The U.S. Fed decided to hike rates with another 25 basis points. Markets were quite volatile after the announcement. Interestingly, there was a lot of fuzz on price changes in stocks, gold and currencies, but almost nobody was talking about the moves in what is becoming one of the most attractive markets: emerging stock markets. Today, emerging stock markets were able to break out which, as always, is an unusually important event.

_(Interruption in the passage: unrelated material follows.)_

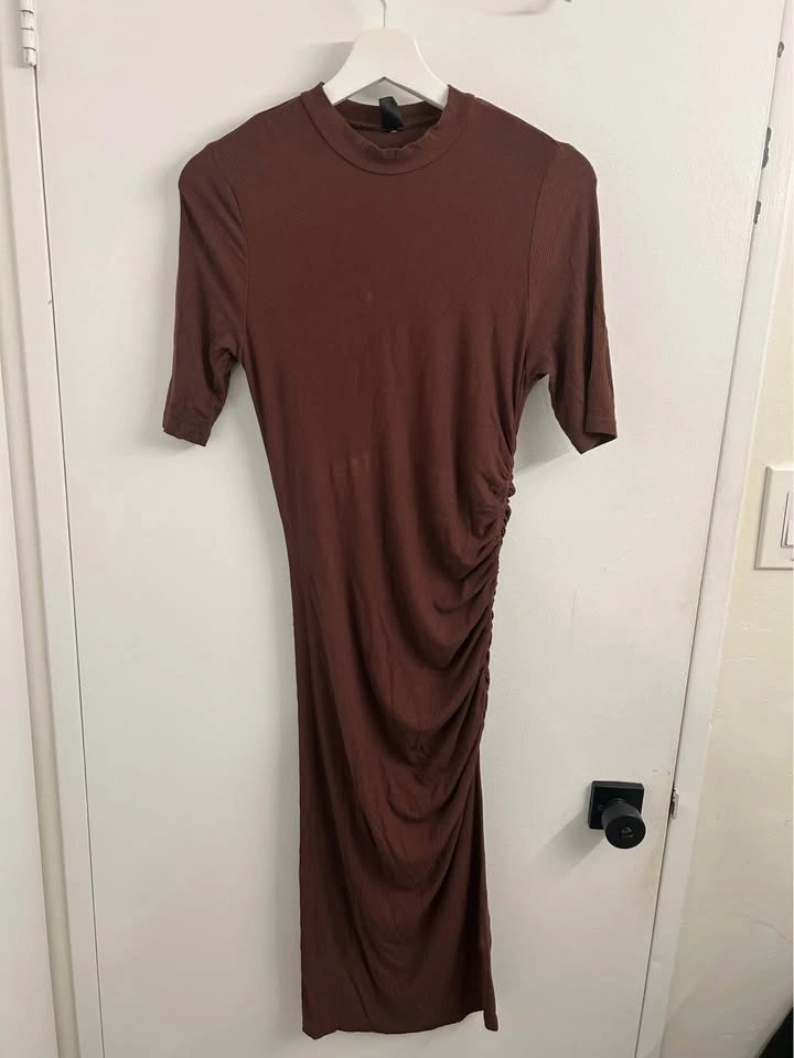 Mini dark brown dress, buttoned down with ruching and long sleeves. Size L (fits a medium, stretchy).

That should not come as a surprise as InvestingHaven’s research team saw that coming a long time ago. Almost a year ago, we published this article: Will emerging stock markets become the investment of 2016 and 2017? Later in the year, we published this emerging stock markets forecast for 2017, and that was another spot-on call. This is a quote from that article:

However, if the dollar weakens from here, and only rises moderately, we see EMM rise to its resistance line at 43 points. That is our bullish forecast Chances are high that EMM could break out. Such an event, given its long sideways trading, would be significant. Emerging markets will attract a lot of interest from the investment community, which will feed the bullishness. The line in the sand is 103 points in the U.S. dollar index.

This quote shows again how intermarket dynamics work. There is always this dominant trend, which is one specific market influencing other martets. Our take on emerging stock markets was that they could rise only if the U.S. dollar would not rise too fast, or, alternatively, weaken. And that is exactly what is happening right now: the dollar is not able to move into a raging bull market, leaving room for emerging stock markets to enter into a bull market.

Emerging stock markets are the clear winner after the U.S. Fed rate hike. The breakout is visible on the 5-year chart. Former resistance has given away today.

As always, a breakout needs to be confirmed. What that specifically means is that EEM ETF, representing emerging stock markets, needs to trade at least 3 consecutive weeks above the 39 level. Moreover, typically a breakout is followed by a retest of the breakout level; if that retest is successful, then it becomes a support area.